Consider for a moment the kind of treachery Cain introduced into the world—the betrayal of family, friends, and fellow citizens. His legacy is a chilling one, and his colleagues are legion.

Dante reserve[d] the innermost circle of hell [for this crowd,] for those who [turn against their own]. There he has placed Judas, Brutus, and Cassius—the most notorious of traitors—in the three mouths of Satan himself. Revealingly, the poet does not rely on the image of fire for his description of their plight. The souls of traitors are held fast in a lake of ice. Clearly, the worst of sins against [one’s] brother [or sister] are those of the frozen heart.
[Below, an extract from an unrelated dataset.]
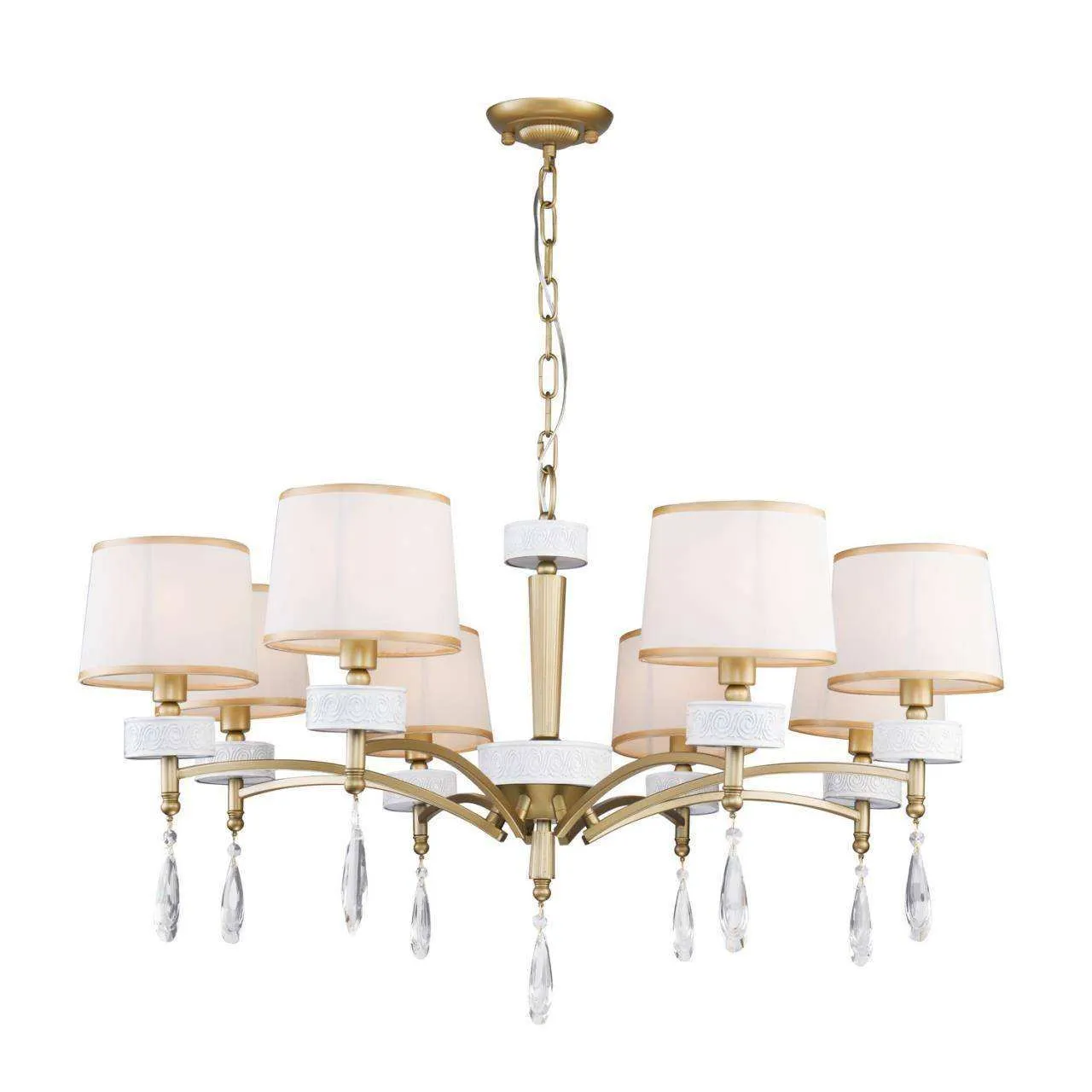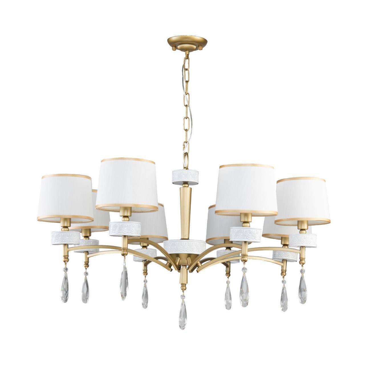 каркас светло-золотого и перламутрово-белого цвета, абажуры из белой ткани с золотой тесьмой, декоративные элементы выполнены из прозрачного хрусталя

Those who are disloyal to others have chosen a life isolated and immobile, a life, in effect, hostile to life, for which the only adequate image is a sunless waste of ice. [William F. May, A Catalogue of Sins (New York: Holt, Rinehart and Winston, 1967), pp. 111–12]

Well, if we are not called upon to defend a member of the family quite so openly as Cain was, perhaps we will have opportunities to defend the Church.

“True Blue, Through and Through”

After four years of missionary service in the Hawaiian Islands (begun at age fifteen, by the way), young Joseph F. Smith returned to the mainland and began making his way back to the Salt Lake Valley. But these were difficult times. Feelings toward the Latter-day Saints were running very high. The terrible experience at Mountain Meadows was fresh in the minds of many people. Polygamy had become a national political issue, and at that very hour Albert Sidney Johnston’s army was on its way to the Utah territory under orders from the president of the United States. Less disciplined than the U.S. Army were many frontiersmen scattered abroad who vowed openly they would murder every Mormon anywhere they could be found.

It was back into that world that nineteen-year-old Joseph F. Smith drove his team and wagon. One evening the little company with which he traveled had barely made camp before a company of drunken men rode in on horseback, cursing and swearing and threatening to kill. Some of the older men, when they heard the riders coming, had gone down into the brush by the creek, waiting out of sight for the band to pass. But young Joseph F. had been out a distance from the camp gathering wood for the fire and so was not aware of the potential problem. With the openness of youth he walked back toward the camp, only to realize too late the difficult circumstance he now faced almost totally alone.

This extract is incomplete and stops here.